Chi-Squared Contingency Test

Test is conducted between each binary value features

Diabetes vs other diseases

H0: There is no association between diabetes and other health conditions/factors
H1: There is a significant association between diabetes and other health conditions/factors
Result: Diabetes shows strong associations with blood pressure problems, chronic diseases, allergies, surgeries, age group, and health score. No significant link with transplants or family cancer history.

Blood Pressure

H0: There is no association between blood pressure problems and other health conditions/factors
H1: There is a significant association between blood pressure problems and other health conditions/factors
Result: Blood pressure problems are significantly linked to diabetes, number of surgeries, age group, and health score. No associations found with transplants, chronic diseases, allergies, or family cancer history.

Any Transplants

H0: There is no association between transplant history and other health conditions/factors
H1: There is a significant association between transplant history and other health conditions/factors
Result: Transplants show no significant associations with any other health conditions or factors.
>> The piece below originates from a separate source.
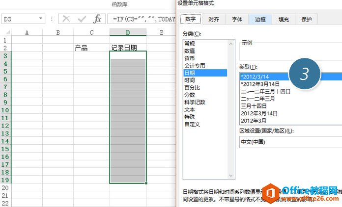还没完,记得选中D3:D19,按住Ctrl+1键,在设置单元格格式,在“日期”选中以下类型。(下图3处)

This suggests transplant patients are distributed randomly across other health categories.

Chronic Diseases

H0: There is no association between chronic diseases and other health conditions/factors
H1: There is a significant association between chronic diseases and other health conditions/factors
Result: Chronic diseases are significantly associated with diabetes, age group, and health score. No links found with blood pressure, transplants, allergies, or family cancer history.

Known Allergies

H0: There is no association between known allergies and other health conditions/factors
H1: There is a significant association between known allergies and other health conditions/factors
Result: Allergies show significant associations with diabetes, family cancer history, number of surgeries, and health score. No connections with blood pressure, transplants, chronic diseases, or age group.

Cancer

H0: There is no association between family cancer history and other health conditions/factors
H1: There is a significant association between family cancer history and other health conditions/factors
Result: Family cancer history is significantly linked to allergies, number of surgeries, and health score. No associations with diabetes, blood pressure, transplants, chronic diseases, or age group.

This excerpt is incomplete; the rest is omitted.